Across the team, that adds up to roughly 50 or more hours saved per week, 40 or more auto-generated ClickUp tasks per month, and a daily news pipeline that runs 7 days a week without anyone managing it. But the number we’re most proud of isn’t on this page. It’s the time our team now gets back to spend with clients.
We are not done. We’re tightening Abbey’s news agent so it learns from what the team engages with, extending Rodrigo’s report engine to more channels and clients, and building agents that don’t yet exist, including one that synthesises Slack and Google Drive into structured client briefs.
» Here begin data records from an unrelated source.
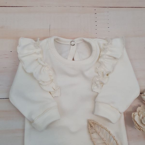 Veľ. 68/74 – dĺžka 36 cm, hrudník – 21 cm x 2, dĺžka rukáva od ramienka 23.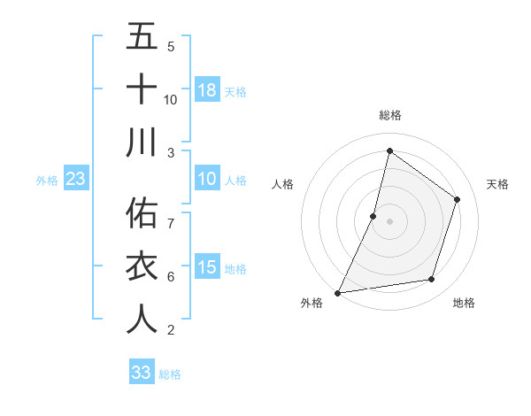 五十川 佑衣人さんを姓名の画数から五運を鑑定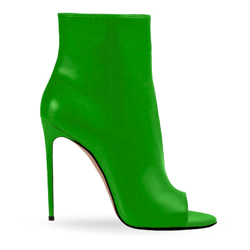 Botín punta abierta en cuero genuino con cremallera interna, tacón de aguja de 100 mm o 120 mm

“When I started building these agents, I wasn’t trying to automate my job. I was trying to give myself more time to do the parts of it I actually like. The agents handle the scanning, the sorting, the task creation. What’s left is the thinking, the creative, the conversations with the team. We learn something new every week and the agents get a little better every week. That’s the whole point.”
Rodrigo Cortez Solano, Marketing Specialist, Strataigize
Conclusion
What this proves about AI in a marketing agency
AI is not coming for our industry. It’s already here, and it’s already separating the agencies using it well from the ones that aren’t. The agencies that get buried in the next 24 months won’t be the ones who refused to adopt AI. They’ll be the ones who adopted it superficially, bolted a chatbot to their website, and called it a transformation. AI used that way doesn’t make a team better; it makes them faster at producing the same average work.
What we believe, and invest in every week, is that AI is most valuable when it’s built into the workflow by the people doing the work. The goal is never to remove the human. It’s to free up the human’s best hours for the highest-value parts of the job: strategy, judgment, taste, and the conversations only a real person can have with a real client. Three principles guide how we approach this:
- Don’t be afraid of it, and don’t get buried by it. AI is a layer in your workflow, not a replacement for the team behind it.
- Build the agents that fit your team, not someone else’s. The biggest gains come from agents tuned to the workflows, clients, and standards your team already operates by.
- Iterate weekly, not annually. Set a cadence, review what worked, refine what didn’t, keep going. The agent you build in May should not be the one you’re still running in November.